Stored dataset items

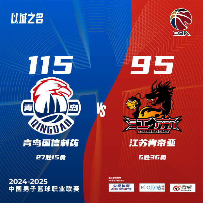 JRS低调看直播3月19日讯 CBA常规赛,青岛主场迎战江苏。青岛26胜15负排在联赛第9,江苏6胜35负联赛垫底。一开场,江苏打出8-3的开局,青岛轮番冲击篮筐频频得手迅速扳平比分,此后双方陷入缠斗,青岛持续发力打出10-0的攻击波确立两位数优势,江苏不断杀入内线拿分努力追赶,半场战罢青岛63-54领先江苏。下半场,青岛攻防两端压制对手,一举将分差拉开到20分以上,末节青岛稳扎稳打将优势保持到最后,最终,青岛115-95大胜江苏,送给对手8连败。
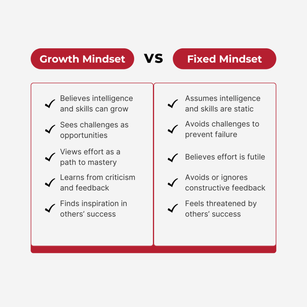 Before fostering a growth mindset, it’s essential to distinguish it from a fixed mindset. Here’s a breakdown:
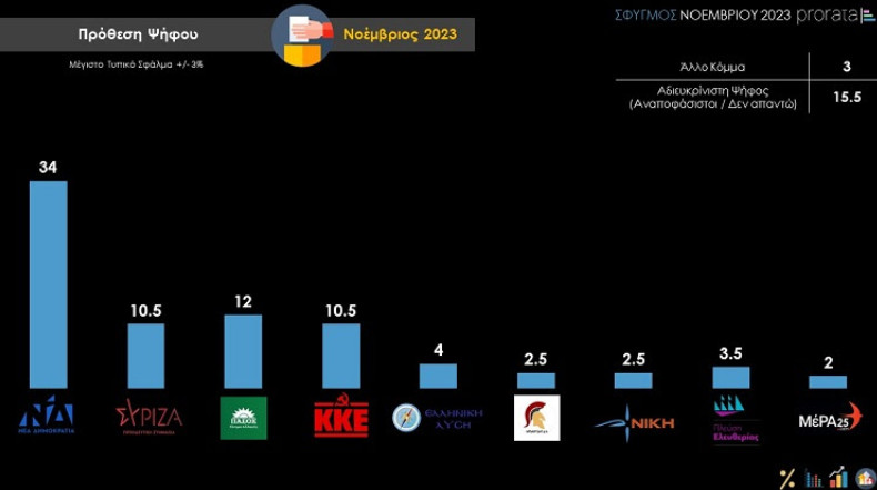 Πιο συγκεκριμένα, στην πρόθεση ψήφου (χωρίς άκυρο, λευκό και αποχή) η εκλογική επιρροή της ΝΔ φτάνει στο 34%, του ΠαΣοΚ στο 12%, του ΣΥΡΙΖΑ-ΠΣ και του ΚΚΕ στο 10,5%, της Ελληνικής Λύσης στο 4%, της Πλεύσης Ελευθερίας στο 3,5%, της Νίκης και των Σπαρτιατών στο 2,5%, του ΜεΡΑ25 στο 2%.
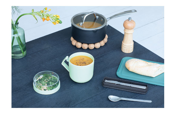 Taza para llevar sopas. Hasta 600 ml de sopa. 100% a prueba de escapes. Práctica – contenedor para condimentos enroscable (180 ml). Siempre crujientes – el contenedor de condimentos los mantiene secos. Se llena fácilmente gracias a su gran abertura. Adiós a las quemaduras – taza con asa.Higiénica – el asa inclina la botella para un mejor secado boca abajo.Se limpia fácilmente – apta para el lavavajillas. Multifuncional – apta para el microondas y el congelador. Libre de BPA. Reciclable.
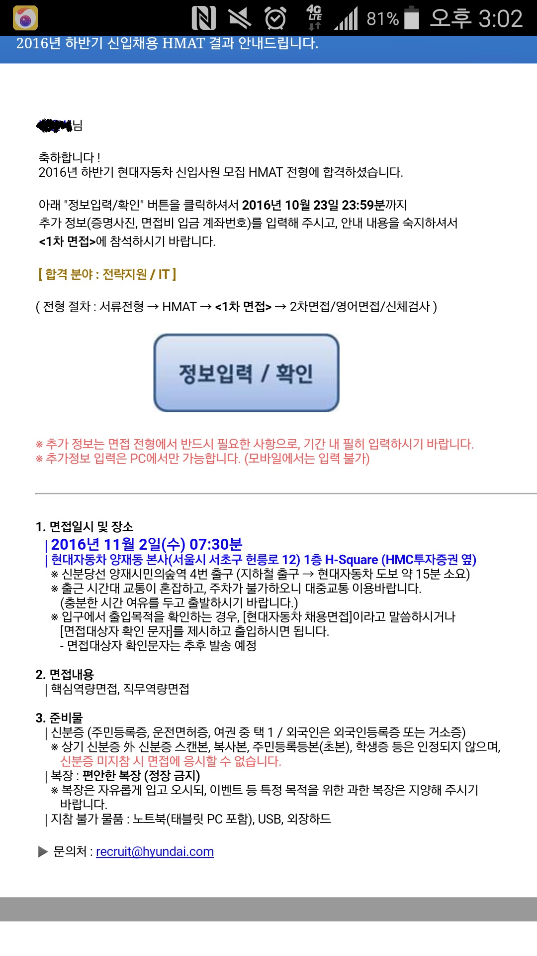 다행히 합격을 했고, 면접 통지서를 받았다.
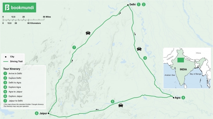 | Lieu de début/fin : | Delhi est le point de départ habituel, suivi d’Agra et de Jaipur. Le point d’arrivée se situe à nouveau à Delhi. |
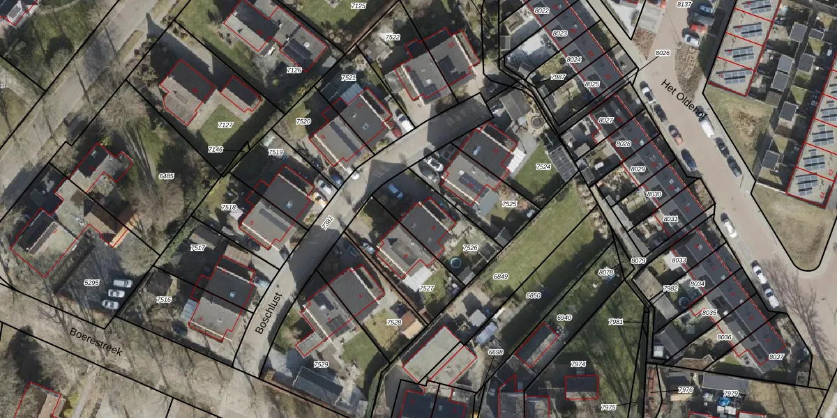 Het perceel waarop Boschlust 8 staat heeft een oppervlakte van 363 m². Dit is een groot perceel. De perceeloppervlakte wordt geregistreerd door het Kadaster. Gedetailleerde informatie over de maten van dit perceel kunt u vinden in het rapport Kadastrale kaart met maatvoering van Boschlust 8.
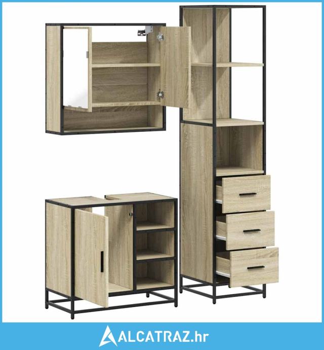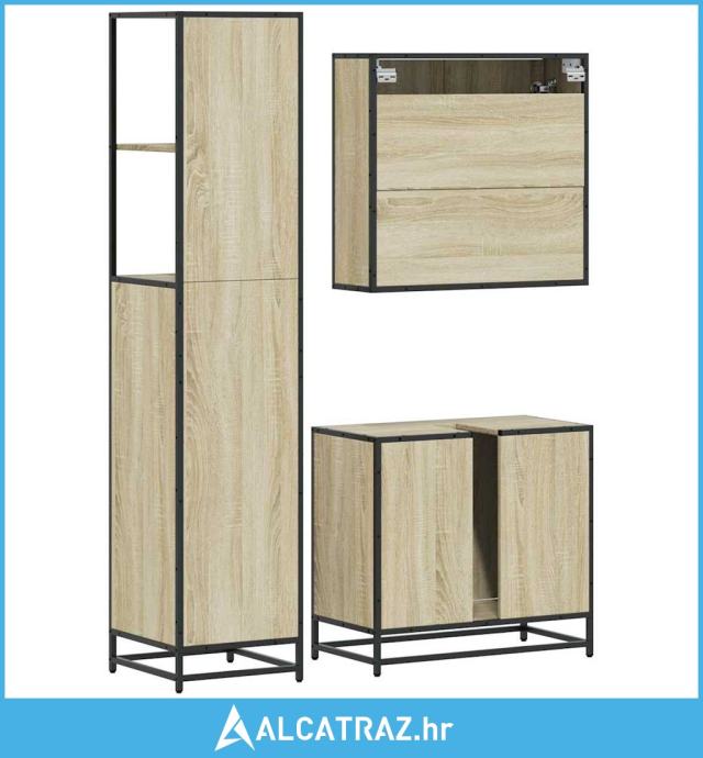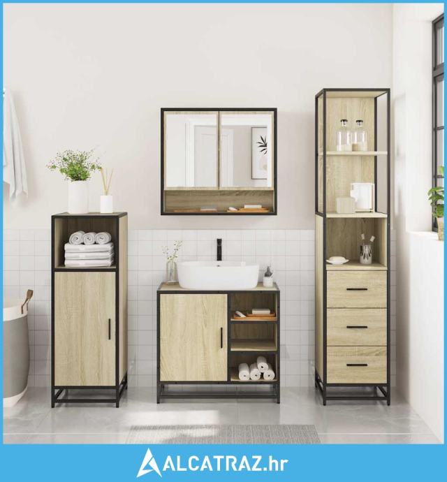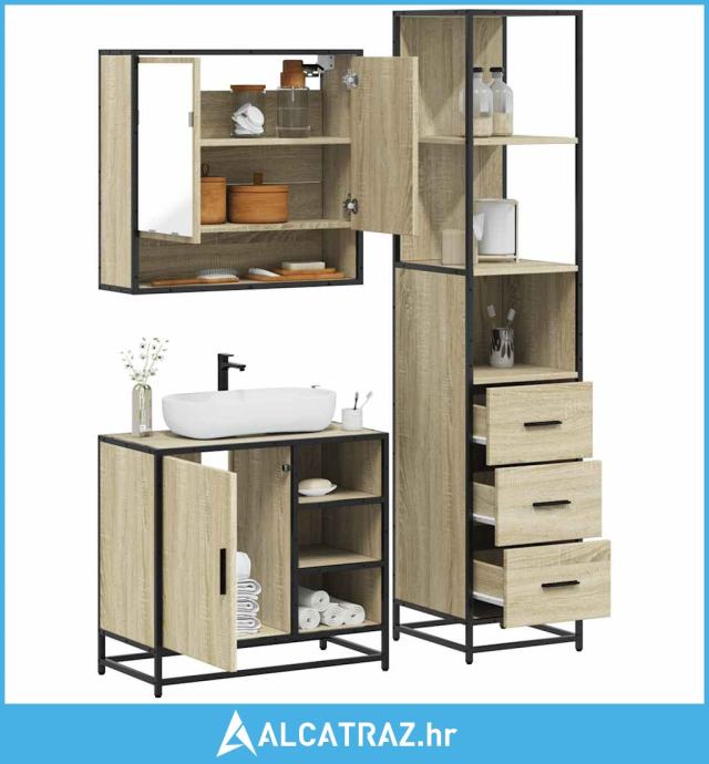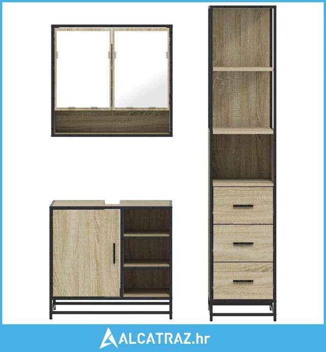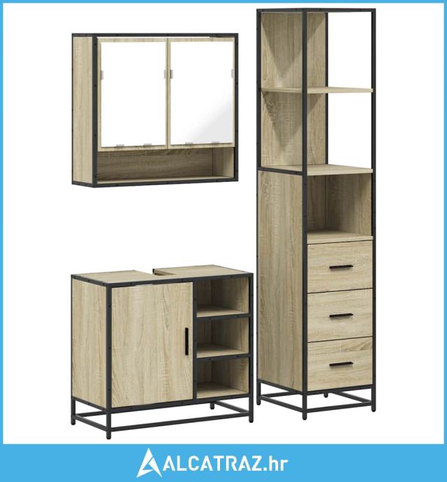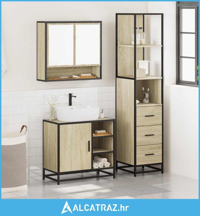 3-dijelni set kupaonskog namještaja boja hrasta sonome drveni - NOVO

EXERCISE AIM
Nothing in the entries above should change when they are printed again, except that the pictures are dropped.

TASK SOLUTION
 JRS低调看直播3月19日讯 CBA常规赛,青岛主场迎战江苏。青岛26胜15负排在联赛第9,江苏6胜35负联赛垫底。一开场,江苏打出8-3的开局,青岛轮番冲击篮筐频频得手迅速扳平比分,此后双方陷入缠斗,青岛持续发力打出10-0的攻击波确立两位数优势,江苏不断杀入内线拿分努力追赶,半场战罢青岛63-54领先江苏。下半场,青岛攻防两端压制对手,一举将分差拉开到20分以上,末节青岛稳扎稳打将优势保持到最后,最终,青岛115-95大胜江苏,送给对手8连败。
 Before fostering a growth mindset, it’s essential to distinguish it from a fixed mindset. Here’s a breakdown:
 Πιο συγκεκριμένα, στην πρόθεση ψήφου (χωρίς άκυρο, λευκό και αποχή) η εκλογική επιρροή της ΝΔ φτάνει στο 34%, του ΠαΣοΚ στο 12%, του ΣΥΡΙΖΑ-ΠΣ και του ΚΚΕ στο 10,5%, της Ελληνικής Λύσης στο 4%, της Πλεύσης Ελευθερίας στο 3,5%, της Νίκης και των Σπαρτιατών στο 2,5%, του ΜεΡΑ25 στο 2%.
 Taza para llevar sopas. Hasta 600 ml de sopa. 100% a prueba de escapes. Práctica – contenedor para condimentos enroscable (180 ml). Siempre crujientes – el contenedor de condimentos los mantiene secos. Se llena fácilmente gracias a su gran abertura. Adiós a las quemaduras – taza con asa.Higiénica – el asa inclina la botella para un mejor secado boca abajo.Se limpia fácilmente – apta para el lavavajillas. Multifuncional – apta para el microondas y el congelador. Libre de BPA. Reciclable.
 다행히 합격을 했고, 면접 통지서를 받았다.
 | Lieu de début/fin : | Delhi est le point de départ habituel, suivi d’Agra et de Jaipur. Le point d’arrivée se situe à nouveau à Delhi. |
 Het perceel waarop Boschlust 8 staat heeft een oppervlakte van 363 m². Dit is een groot perceel. De perceeloppervlakte wordt geregistreerd door het Kadaster. Gedetailleerde informatie over de maten van dit perceel kunt u vinden in het rapport Kadastrale kaart met maatvoering van Boschlust 8.
 3-dijelni set kupaonskog namještaja boja hrasta sonome drveni - NOVO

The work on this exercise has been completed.